Laurentius Nicolaas Deckers (14 February 1883 – 1 January 1978) was a Dutch politician and diplomat of the defunct Roman Catholic State Party (RKSP) and later co-founder of the Catholic People's Party (KVP) now merged into the Christian Democratic Appeal (CDA) party and agronomist.

Political career
Deckers was elected as a Member of the House of Representatives after the election of 1918, taking office on 17 September 1918. After the election of 1929 Deckers was appointed as Minister of Defence in the Cabinet Ruijs de Beerenbrouck III, taking office on 10 August 1929. After the election of 1933 Deckers returned as a Member of the House of Representatives, taking office on 9 May 1933. Following the cabinet formation of 1933 Deckers continued as Minister of Defence in the Cabinet Colijn II, taking office on 26 May 1933. The Cabinet Colijn II fell on 23 July 1935 and continued to serve in a demissionary capacity until the cabinet formation of 1935 when it was replaced by Cabinet Colijn III with Deckers remaining as Minister of Defence, taking office on 31 July 1935. Deckers was appointed as Minister of Agriculture and Fisheries after the Ministry of Economic Affairs was split into the Ministry of Commerce, Industry and Shipping and the Ministry of Agriculture and Fisheries, taking office on 2 September 1935. After the election of 1937 Deckers again returned as a Member of the House of Representatives, taking office on 8 June 1937. Following the cabinet formation of 1937 Deckers was not giving a cabinet post in the new cabinet, the Cabinet Colijn III was replaced by the Cabinet Colijn IV on 24 June 1937 and he continued to serve in the House of Representatives as a frontbencher. Deckers was selected as Parliamentary leader of the Roman Catholic State Party in the House of Representatives following the election of Josef van Schaik as a Speaker of the House of Representatives and was also selected as Leader of the Roman Catholic State Party following the retirement of Piet Aalberse Sr., taking office on 11 November 1937.
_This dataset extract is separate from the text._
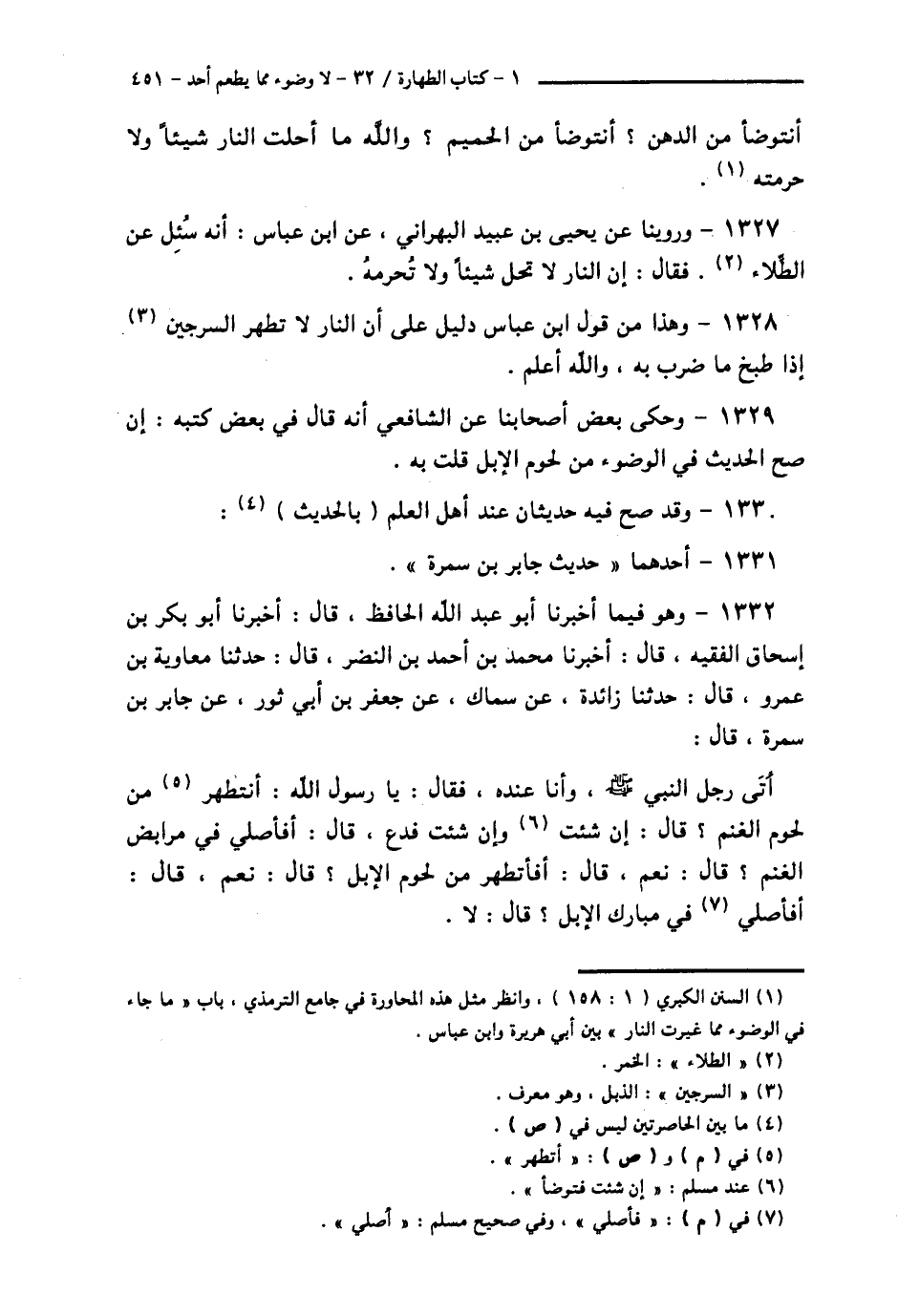 1333 - رَوَاهُ مُسْلِمٌ فِي الصَّحِيحِ، عَنْ أَبِي كَامِلٍ الْجَحْدَرِيِّ، عَنْ أَبِي عَوَانَةَ، عَنْ عُثْمَانَ بْنِ عَبْدِ اللَّهِ بْنِ مَوْهَبٍ، عَنْ جَعْفَرِ بْنِ أَبِي ثَوْرٍ، عَنْ جَابِرِ بْنِ سَمُرَةَ: أَنَّ رَجُلًا سَأَلَ رَسُولَ اللَّهِ صَلَّى اللهُ عَلَيْهِ وَسَلَّمَ فَذَكَرَ مَعْنَاهُ، وَقَالَ فِيهِ: أَتَوَضَّأُ مِنْ لُحُومِ الْإِبِلِ؟ قَالَ: «نَعَمْ». فَتَوَضَّأَ مِنْ لُحُومِ الْإِبِلِ.

On 10 May 1940 Nazi Germany invaded the Netherlands and the government fled to London to escape the German occupation. During World War II Deckers continued to serve as a Member of the House of Representatives but in reality the De facto political influence of the House of Representatives was marginalized. On 9 October 1940 Deckers was arrested and detained in Buchenwald concentration camp and was released on 7 November 1940. Deckers also served retroactively as Chairman of the Roman Catholic State Party from 1 September 1941 after Timotheus Verschuur was detained in Sachsenhausen concentration camp and later died in captivity on 17 April 1945. In May 1942 Deckers was arrested and detained again in Buchenwald concentration camp and was released in August 1942. Following the end of World War II Queen Wilhelmina ordered a Recall of Parliament and Deckers remained a Member of the House of Representatives, taking office on 20 November 1945. On 22 December 1945 the Roman Catholic State Party was renamed as the Catholic People's Party, Deckers was one of the co-founders and became one of the unofficial Deputy Leader of the Catholic People's Party and was selected as the first Parliamentary leader of the Catholic People's Party in the House of Representatives.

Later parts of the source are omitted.